If it's a general site-wide principle, can I opt my project out so that it
can be indexed?
Jifl
--
--["No sense being pessimistic, it wouldn't work anyway"]-- Opinions==mine
^ permalink raw reply [flat|nested] 7+ messages in thread
* Re: sourceware on search engines
2010-11-10 7:16 sourceware on search engines Jonathan Larmour
@ 2010-11-10 14:21 ` Frank Ch. Eigler
2010-11-11 17:59 ` Tom Tromey
0 siblings, 1 reply; 7+ messages in thread
From: Frank Ch. Eigler @ 2010-11-10 14:21 UTC (permalink / raw)
To: Jonathan Larmour; +Cc: overseers
Hi -
> I'm sure someone must have provided some rationale at some point which I
> missed, but why aren't the sourceware web pages (particularly the mailing
> list archives) indexed by search engines? [...]
They generally are indexed (not included in robots.txt). Can you give
an example of what you see missing?
- FChE
^ permalink raw reply [flat|nested] 7+ messages in thread
* Re: sourceware on search engines
2010-11-10 14:21 ` Frank Ch. Eigler
@ 2010-11-11 17:59 ` Tom Tromey
2010-11-11 18:06 ` Per Bothner
2010-11-11 18:09 ` Frank Ch. Eigler
0 siblings, 2 replies; 7+ messages in thread
From: Tom Tromey @ 2010-11-11 17:59 UTC (permalink / raw)

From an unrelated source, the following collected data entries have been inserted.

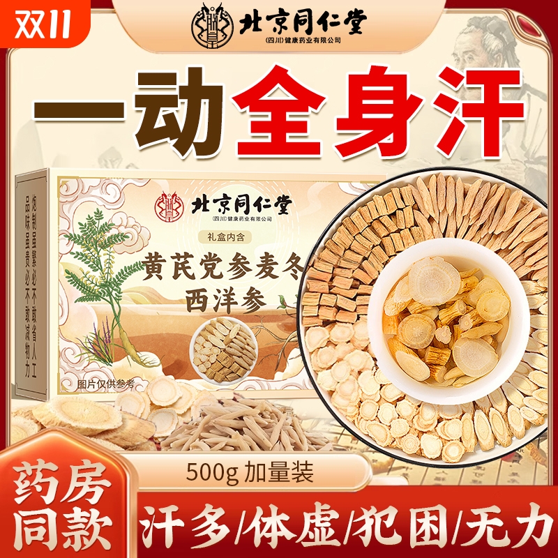 北京同仁堂黄芪麦冬五味子茶组合泡水中药店材止汗正品生脉饮茶包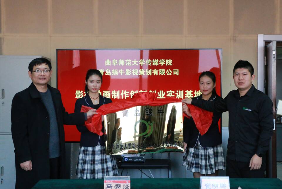 12月1日,青岛蜗牛影视公司——华体会官方网影视动画制作人才培养基地揭牌仪式在我校顺利举行,传媒学院院长马秀峰、副院长王焕景,教务处副处长张全景,青岛蜗牛影视策划有限公司CEO 崔明鹏、经理崔叶涛以及招生就业处、传媒学院相关师生出席揭牌仪式。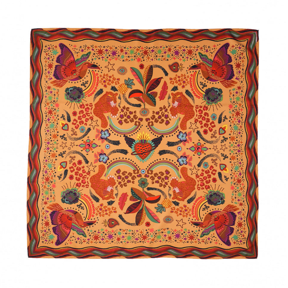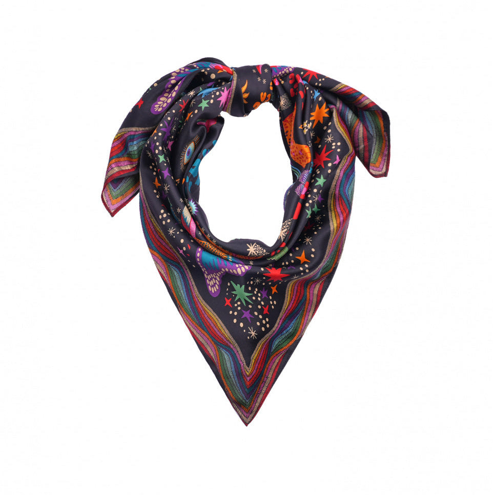 Nos foulards sont faits à la main et sont parés de dessins originaux destinés à sublimer votre garde-robe. Empreint d’une esthétique visuelle fantastique et d’un imaginaire bigarré, l’imprimé Crazy World évoque, avec panache, les rêves et les mondes mystiques et colorés.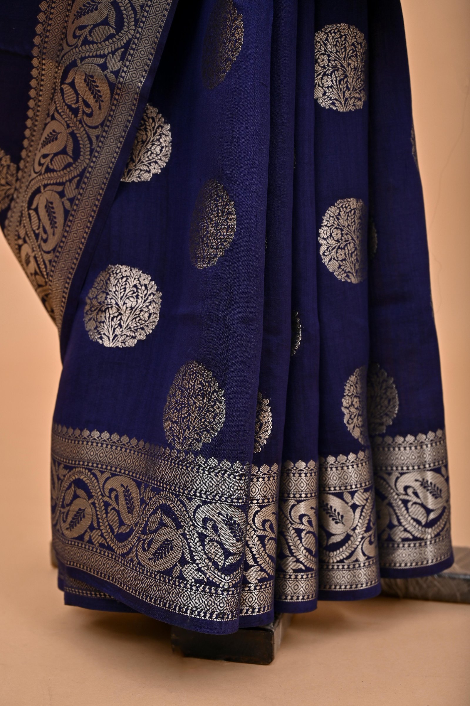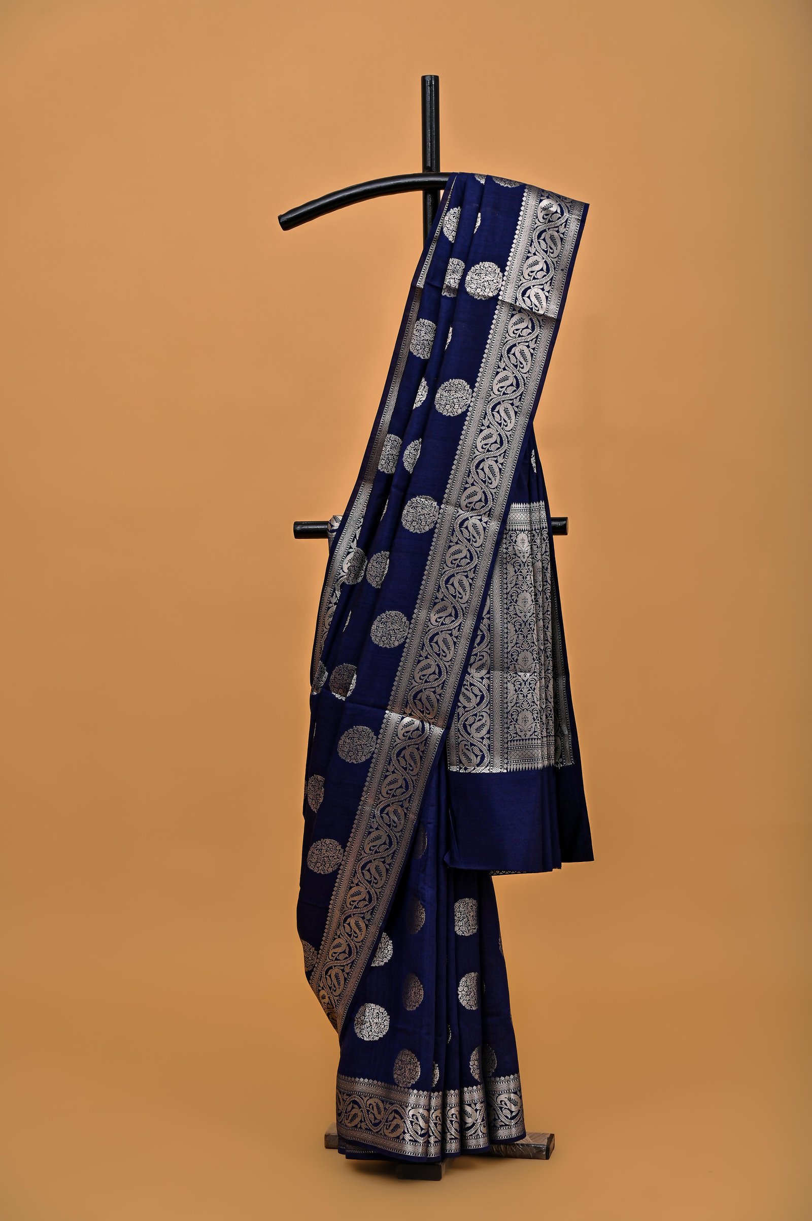Drape yourself in quiet sophistication with this stunning Navy Blue Spun Silk Banarasi Saree. With its soft texture and effortless fall, it brings together traditional elegance and modern comfort.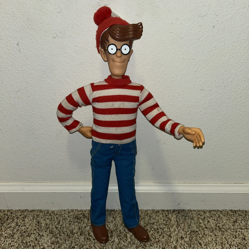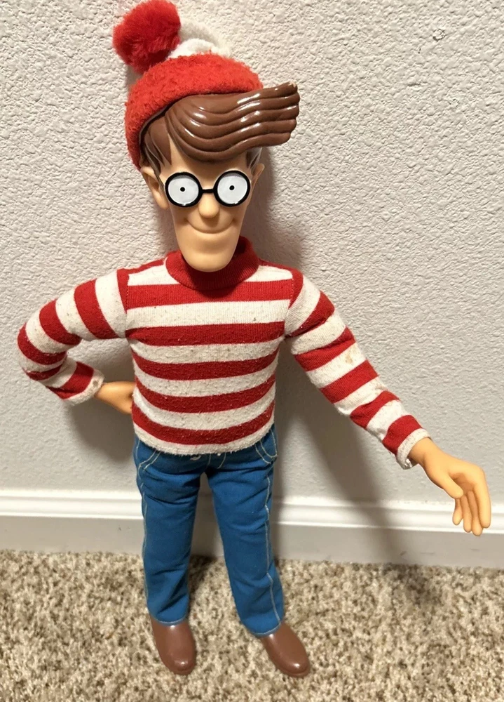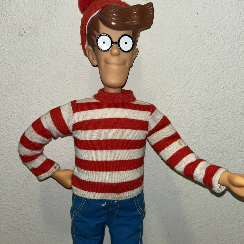 This is a rare and highly sought-after 1991 Mattel Where's Waldo doll, measuring 18 inches tall and featuring poseable joints. The doll is in its original packaging and has never been opened, making it a true collector's item. It was manufactured in China and is part of the beloved character family, WHERE'S WALDO. This vintage doll is perfect for collectors of toys and hobbies, and is sure to be a cherished addition to any collection. Its brand, Mattel, is known for producing high-quality and popular toys that are both fun and durable. Don't miss out on the chance to own this rare and unique doll! See pics for wear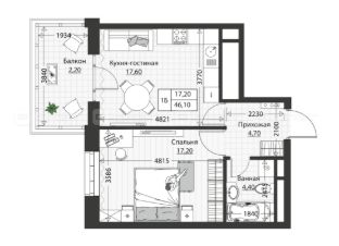1-комнатная квартира 46.1 м² на 3 этаже в строящемся доме бизнес-класса Жилого комплекса "TRIO".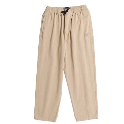 Cotton twill pant with elastic drawstring waistband and tonal Quiet Life embroidery. Features two side front pockets, two back pockets, and custom label on back. Â
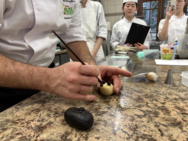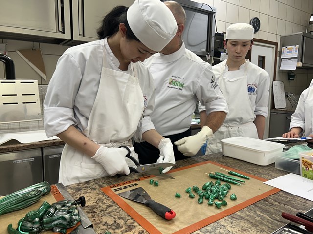 『今回2回目のアシスタントをさせていただきましたが、1回目の時よりフランス語を聞き取れるようになっていてよかったです。しかし、次にすることを予測して器具などを準備したりすることは出来なかったので悔しいです。なにより、1時間半の間にコンフィズリー4品とマジパン細工を仕上げられたことにびっくりして効率の良さと重要性がとても分かりました。スタージュに行くと効率がとても求められると思うのでもっと早く動けるようになりたいです。』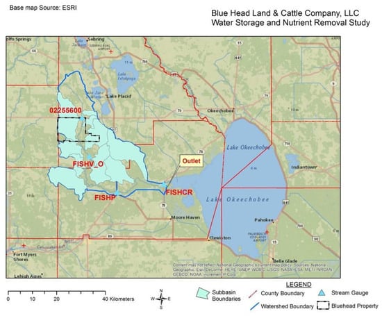 Table 3 clearly demonstrates that the stream flow datasets are highly non-normal and that median values probably represent the most reliable flow statistic for central-tendency comparison purposes. Also, it is evident from Table 3 that the overall flows within Fisheating Creek are low to moderate. The location of the Bluehead Ranch property is between stream gauge 0255600 and gauge FishV_O, meaning that a median flow of 0.48 m3∙s−1 or less would be expected under normal conditions. Furthermore, in reviewing the location of various sub-basins within the Fisheating Creek, it is clear that any engineered nutrient removal projects located on the Bluehead Ranch property would be constrained by the availability of water from certain sub-basins or portions of the main stem Fisheating Creek. Figure 3 depicts the location of the key sub-basins important to the Bluehead Ranch property. The figure shows that the Bluehead Ranch can only really exert a positive effect on six sub-basins within the Fisheating Creek watershed, including portions of the main creek stem.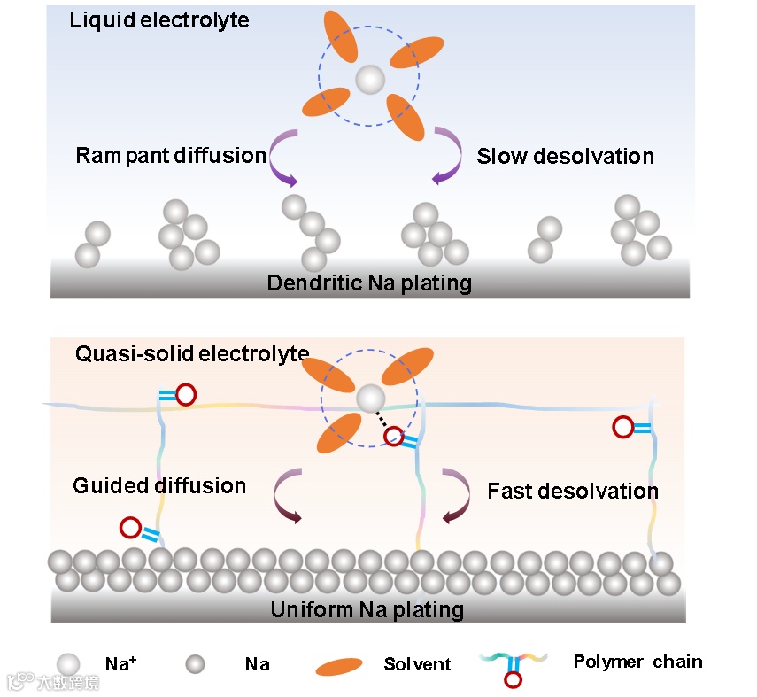 图1. 液体电解质(上)和准固体电解质(下)中的钠沉积示意图。

To: Frank Ch. Eigler; +Cc: Jonathan Larmour, overseers
>>>>> "Frank" == Frank Ch Eigler <fche@redhat.com> writes:
Frank> They generally are indexed (not included in robots.txt). Can you give
Frank> an example of what you see missing?
I've seen this too.
Almost any search that I would expect to hit on sourceware.org instead
pulls up results from elsewhere, often cygwin.ru.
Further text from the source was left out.